Relative efficacy of cell division inhibition. Visible light images of PB103 cells expressing MinC under A) uninduced and B) induced conditions and SfiA under C) uninduced and D) induced conditions. MinC expression was initiated by transferring freshly grown culture (OD600 nm~0.3) of PB103:pDR175 (grown at 31°C in LB medium supplemented with 25 mg/L spectinomycin) to 42°C. SfiA expression was elicited by addition of 2 mM IPTG to a freshly grown culture (OD600 nm~0.3) of PB103:λ DR144 (grown at 37°C in LB medium supplemented with 50 mg/L ampicillin). Cells were observed following 2 h 30 min of induction. Scale bar is 20 µm.

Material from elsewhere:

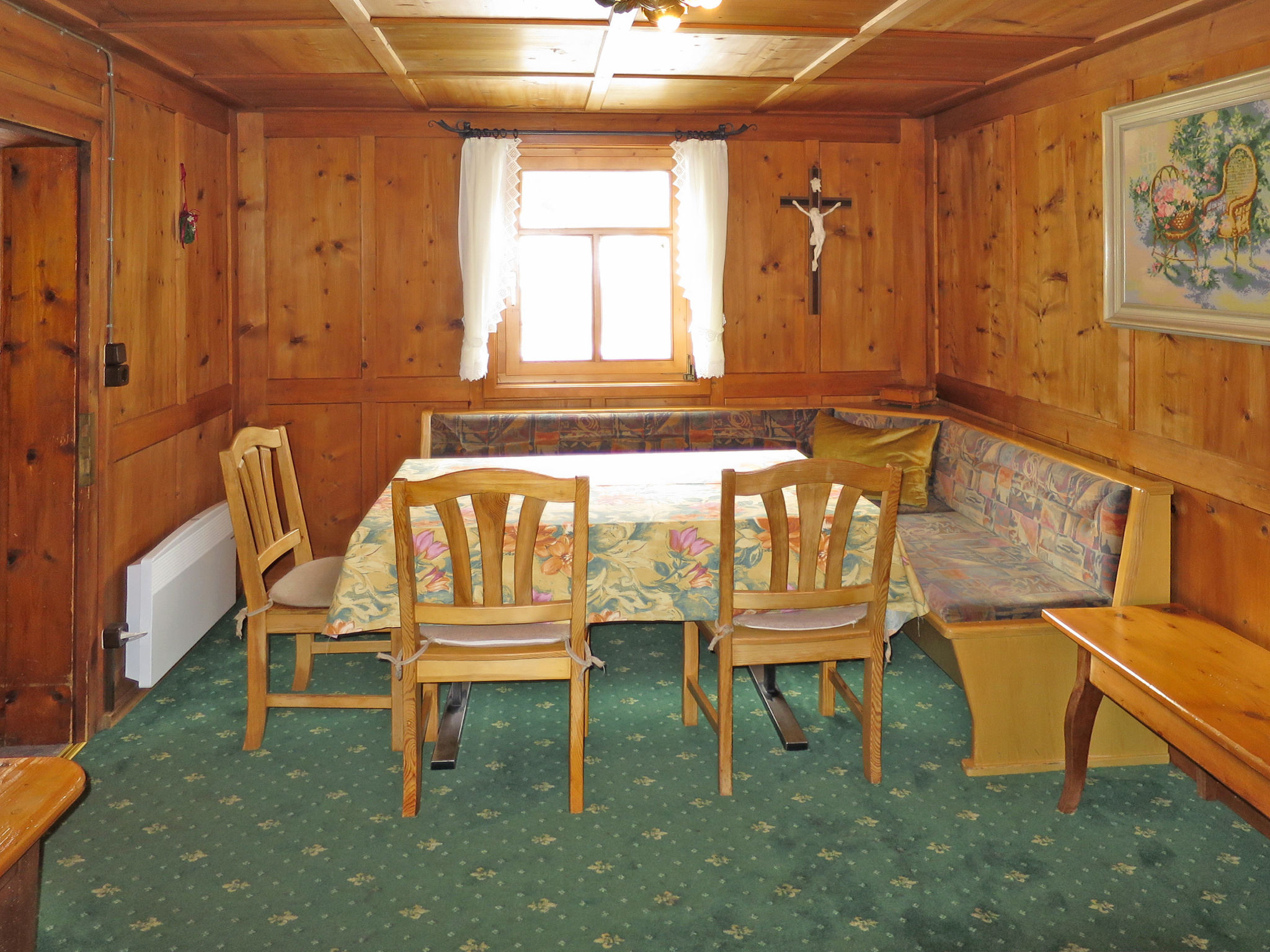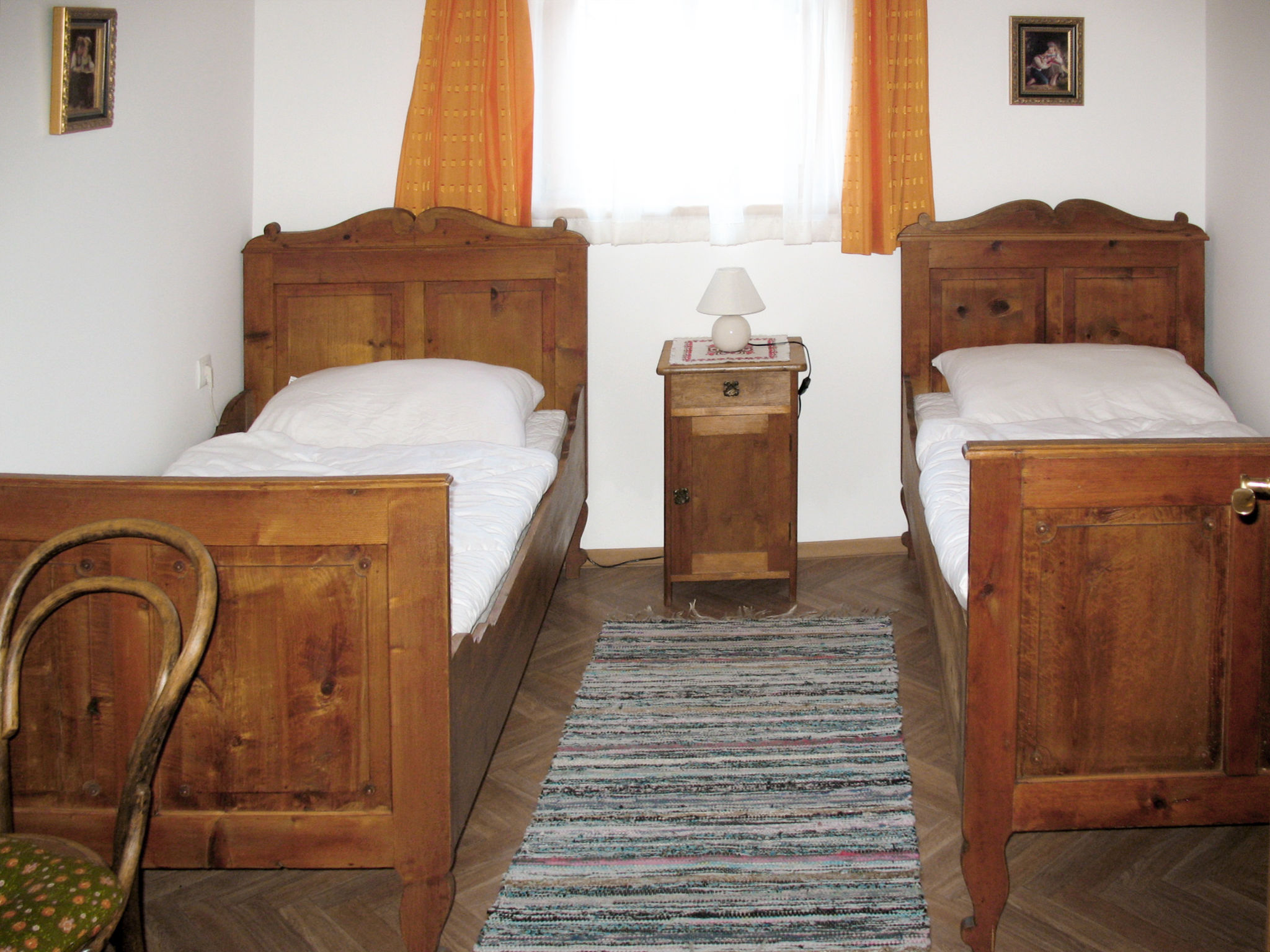 11-Zimmer-Haus, 3 Etagen, ca. 280 m². Diele mit Sitzecke. Bauernstube mit Kachelofen, Ofenbank, Esstischen und Eckbänken. Kleine Stube mit Sat-TV. Küche (4 Ceranfelder, Backofen, Mikrowelle, Geschirrspüler, Kühlschrank, Kaffeemaschine, Schneidemaschine). Zweibettzimmer. Dusche/WC. Sep.WC. 1. Etage: 3 Doppelzimmer. Schlafzimmer mit Doppelbett und Bettcouch. Doppelzimmer mit Balkonausgang. Dusche. Sep.WC. Flur mit Treppe in die 2. Etage: Kleine Stube mit Sitzgruppe. Doppelzimmer. Schlafzimmer mit Doppelbett und Bettcouch. Bad/Wanne mit Duschvorrichtung. Sep.WC.

Response of PB103:pTAK117 cells to short-term IPTG exposure. A freshly grown culture of PB103:pTAK117 was used to inoculate LBamp50 supplemented with 2 mM IPTG and 10 mM IPTG followed by culturing the cells for 30 min at 31 deg C at 225 rpm. After 30 min, cells were washed off IPTG, cultured in LB amp50 only and visualized after 3 hours. A, B are visible and UV-light images, respectively, of cells exposed to 2 mM IPTG for 30 minutes while C,D are visible and UV-light images respectively, of cells exposed to 10 mM IPTG for 30 minutes. E and F represent visible and UV-light images respectively, of the control treatment wherein cells were grown in continuous presence of LBamp50 supplemented with 2 mM IPTG. Scale bar is 20 µm.
Optimization of the MinC reporter system.
Competing Interests: The authors have declared that no competing interests exist.
Funding: National Research Council of Canada, The Canadian Institutes of Health Research (CIHR) and the Natural Sciences and Engineering Research Council (NSERC). The funders had no role in study design, data collection and analysis, decision to publish, or preparation of the manuscript.